Chemistry Help with Adding a Strong Acid to a Buffer-trying to find delta pH.?

Okay so here is the problem:



A beaker with 155 mL of an acetic acid buffer with a pH of 5.00 is sitting on a benchtop. The total molarity of acid and conjugate base in this buffer is 0.100 M. A student adds 9.00 mL of a 0.410 M HCl solution to the beaker. How much will the pH change? The pKa of acetic acid is 4.760. What is the delta pH? (change in pH).
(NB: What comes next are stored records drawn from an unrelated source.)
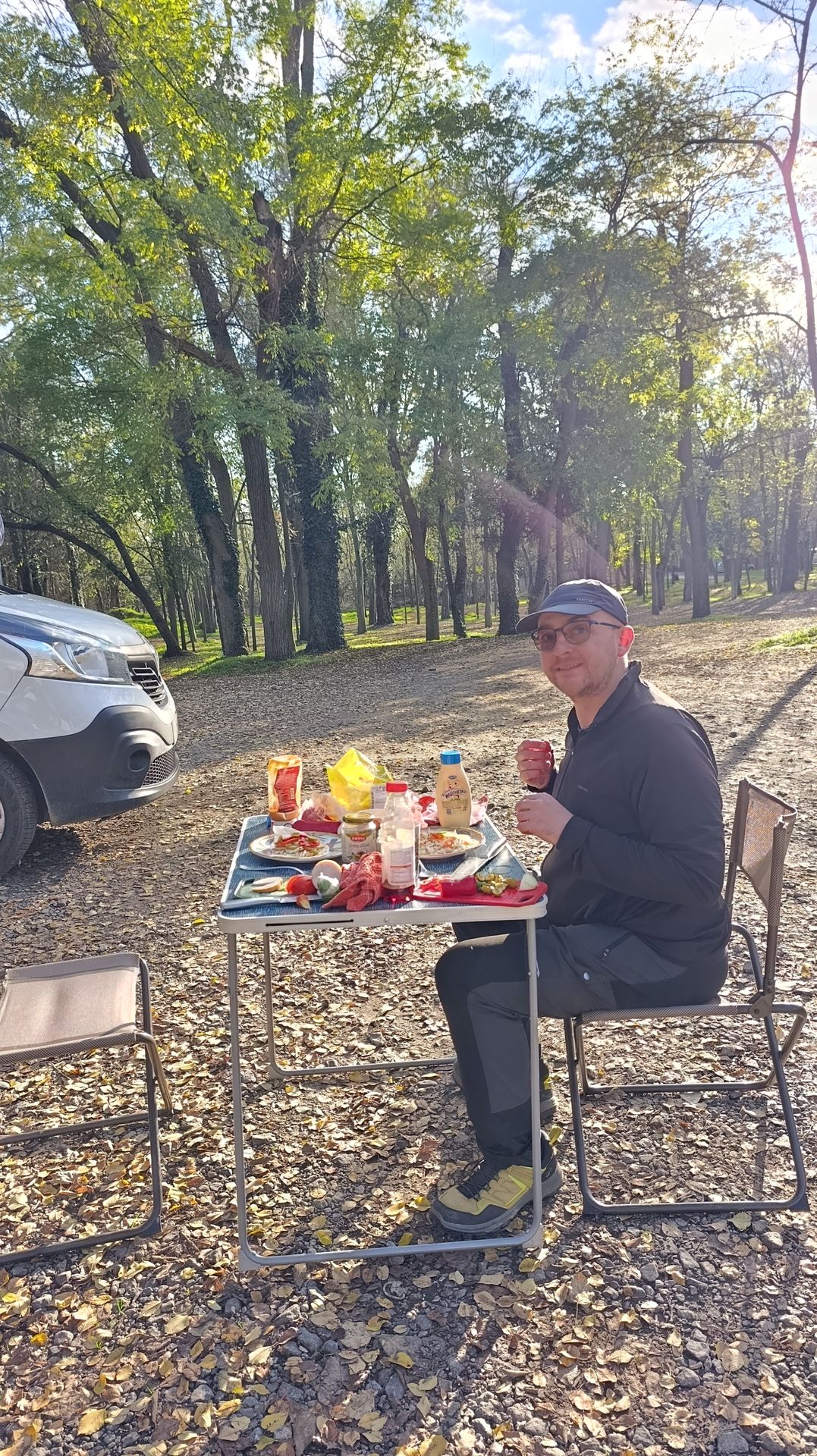 Nous nous garons sur ce P4N #603620 face au Danube pour manger un morceau. On y voit quelques bateaux, des pêcheurs, quelques déchets malheureusement. Mais une belle vue face au fleuve. Le vent souffle et le ciel est menaçant. Ce sera saucisses lentilles dans le van ce midi.
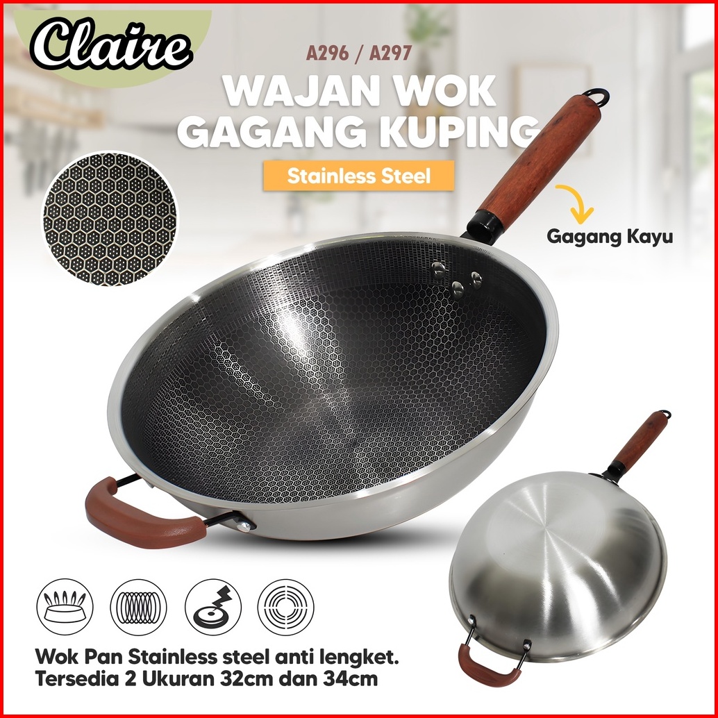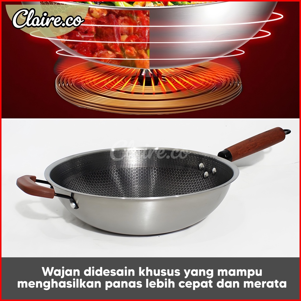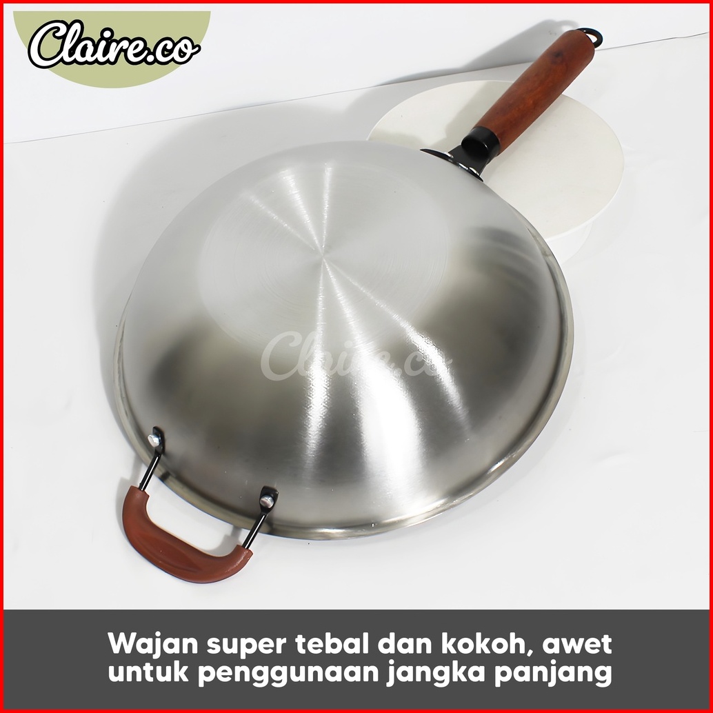 Wajan Wok Gagang Kuping Stainless Steel Wajan Wok Tebal
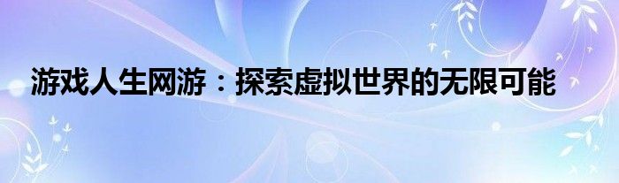 随着科技的不断发展,人们对于虚拟世界的探索越来越深入。在众多网游中,“游戏人生网游”以其独特的魅力吸引着越来越多的玩家。这款游戏不仅仅是一个简单的娱乐产品,更是一个可以让人们释放想象力、体验无限可能的虚拟世界。

What I initially thought--

H C2H3O2 --%26gt; H+ %26amp; (C2H3O2)-1

I .005549____________.009951

C +.00419 ____________-.00419

E .009739____________.005761

(btw I got .00419 by adding .009 and .410 then dividing by 1000)



then I used this formula:

1.74x10^-5= x(.005761/.009739)

x=[H+]= 2.94148x10^-5

-log(2.94148x10^-5)= 4.5313

therefore the pH=4.53

since they were asking for the change of pH I subtracted

5.00-4.53 = .4686

and apparently that is INCORRECT....



ssooo.....I dont know what I did wrong

PLEASE help me, and give step my step instructions as well

Because I'm totally lost now...Chemistry Help with Adding a Strong Acid to a Buffer-trying to find delta pH.?
Let the initial concentrations be a and b(of acid and conjugate base res.)



5 = 4.76 + log(b/a)



So b/a =1.738.



And b + a = 0.1



Solving the two, b = 0.0365 and a = 0.0635



milliMoles of acid = 0.0635*155 = 9.8425



milliMoles of conjugate base = 5.6575



On addition of .410*9 = 3.69 milliMoles HCl, the acid = 9.8425 + 3.69= 13.5325 and base = 5.6575 - 3.69 = 1.9675.



So the pH = 4.76 + log(1.9675/13.5325) = 4.76 - 0.8375



So change in pH is 5 - 4.76 + 0.8375 = 1.0775(approx.)



There might have been some calculation mistake please check the calculations.